Само собой разумеется, в Мезеритце, как и во всяком уважающем себя западном городе, имелась церковь. Отец уточнил: церковью этот дом называется только «по-нашему», а по-тамошнему — это кирха. Культовое сооружение возвышалось над всем окрестным миром высоко и величественно. Шпиль уходил в небо указкой вертикально вверх и, как казалось, где-то в нём и растворялся. Храм был богато, торжественно, благочестиво и очень красиво украшен снаружи: скульптуры, каменный орнамент… Мама захотела обязательно посмотреть его изнутри и как-то раз мы её желание осуществили всей семьёй…

На высокое каменное крыльцо-возвышение взошли, уверенно перешагивая через естественные, для войны, препятствия — рассыпанные по нему обломки и мусор. Но возле самых дверей остановились… Они, высоченные под стать храму, были широко раскрыты, но поднебесный сводчатый зал заполнен был непреодолимым зловонием, а его пол — многочисленными человеческими испражнениями. Кирха стояла возле самой дороги и гостеприимно распахнутые двери её вызвали у прохожих справить в ней свои естественные потребности, весьма далёкие от духовных. Прохожими были наши солдаты… Нельзя сказать, что в обозримом пространстве не было более подходящего места для «туалета». Они, безусловно, имелись. Но объектом для облегчения нужды выбрана была именно церковь. Плоды атеистического воспитания лежали так густо, что невозможно было найти место, куда поставить ногу… Да и пропало желание входить в опоганенный храм. Ушли сильно удручённые и подавленные.

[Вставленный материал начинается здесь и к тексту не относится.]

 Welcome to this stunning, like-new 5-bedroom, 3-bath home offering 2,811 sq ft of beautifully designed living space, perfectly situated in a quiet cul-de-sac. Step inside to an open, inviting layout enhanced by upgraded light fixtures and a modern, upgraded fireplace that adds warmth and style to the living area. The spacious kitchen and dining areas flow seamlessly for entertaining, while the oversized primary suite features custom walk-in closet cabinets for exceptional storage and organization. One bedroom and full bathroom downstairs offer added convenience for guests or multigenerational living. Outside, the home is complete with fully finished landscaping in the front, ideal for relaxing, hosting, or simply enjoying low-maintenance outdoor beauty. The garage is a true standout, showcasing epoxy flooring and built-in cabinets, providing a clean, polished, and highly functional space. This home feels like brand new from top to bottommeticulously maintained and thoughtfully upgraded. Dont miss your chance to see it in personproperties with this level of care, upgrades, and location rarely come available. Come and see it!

— Что же теперь станут думать о нас местные жители? — растерянно промолвила мама.

— Вопрос, Муся, риторический, — отозвался отец, — То и будут думать, что ты думаешь… Только не о нас с тобой и не о Стасике.

— А это, видишь ли, у нас на лбу не написано. Теперь обо всех русских скверно думать будут — и о нас тоже…

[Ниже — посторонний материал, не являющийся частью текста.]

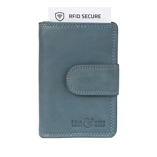 Außen: dezente Prägung Fairtrade, Münzfach mittig mit Reißverschluss, vorderes Schein- und Kartenfach mit Verschlusslasche ( 2 Druckknöpfe für Volumenerweiterung), Kartenfach rückseitig mit Druckverschluss.

Но местные жители, способные или не способные думать, в городе никаких признаков своего существования не обнаруживали. Дома стояли пустыми. Ни одного жителя, ни в одной квартире. Некоторые из них оставались в таком виде, словно хозяева только что ушли на время и вот-вот вернутся. Кое-где даже суп, налитый в тарелки, стоял на столах. В других же квартирах виднелись следы панического бегства. Во многих все вещи были переворочены и разбросаны — следы «обысков»…

В подвалах, образцовой чистоты и порядка, на полках стояли многочисленные банки с домашними консервами: овощи, ягоды — обольсительная невидаль. Соблазн отведать «трофейные» продукты был так же естественен, как чувство голода. Но от командования последовало строгое предупреждение: консервы могут быть отравлены и оставлены намеренно, как бактериологическое оружие… Наша семья дисциплинированно эти предупреждениям последовала, но, по слухам, нашлись и не такие бдительные: поели, признали вкусным и — остались живы здоровы.

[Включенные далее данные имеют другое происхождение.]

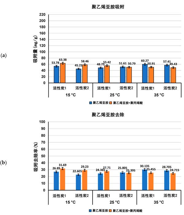 圖1:聚丙烯酸吸附量(a)及其從活性炭表面去除的百分比(b)在單一和混合吸附物系統(tǒng)中,在三個檢測溫度pH值3下。

Покинутый мирными жителями город выглядел большим военным русским гарнизоном. По его улицам ходили только военные, звучала только русская речь, ездила исключительно лишь военная техника. Пустые дома с открытыми квартирами в них вызывали любопытство и желание заглянуть внутрь индивидуальные человеческие жилища. Тем более — это была заграница. Тем более — «логово зверя». Как же они, эти логова, выглядели изнутри? Как в них жили эти звери?..

Для нас, живших до войны в маленьких комнатках деревянного дома, а потом в деревенских домах юга России, «логовища» показались огромными. То, что сейчас называют «удобствами», поразили. Вместо деревянного настила из досок с «очком» посерёдке или просто ямы в земле перед нами предстало белоснежное нечто, названия чему мы просто не знали в то время — унитаз. Обстановка, мебель в комнатах, вещи — всё выглядело необычайно великолепно и роскошно не только в домах многоэтажных, но и небольших, по сравнению с ними, домиках…

В одном из них, куда мы зашли, комнат имелось несколько. Родители пошли посмотреть зал и кухню, а я открыл дверь в какую-то комнатку, предполагая, что там может быть детская с игрушками… Страннный запах ударил в нос… Не сильный, но уже отдающий тлением. Где-то я уже ощущал его… Вдруг вспомнилось мёртвое поле «Бобруйского котла», усеянное телами погибших солдат… Войдя внутрь, я испуганно замер: на полу лежал человек. Не военный — в штатской одежде. Старик. Руки раскинуты, седая борода задрана к потолку. Туда же, не мигая, смотрят неподвижные глаза… На моё появление тело старика никак не среагировало, а моё стояло окаменевшим от ужаса столбом и смотрело на него тоже остановившимся взором. Наконец, дошло — передо мной мертвец.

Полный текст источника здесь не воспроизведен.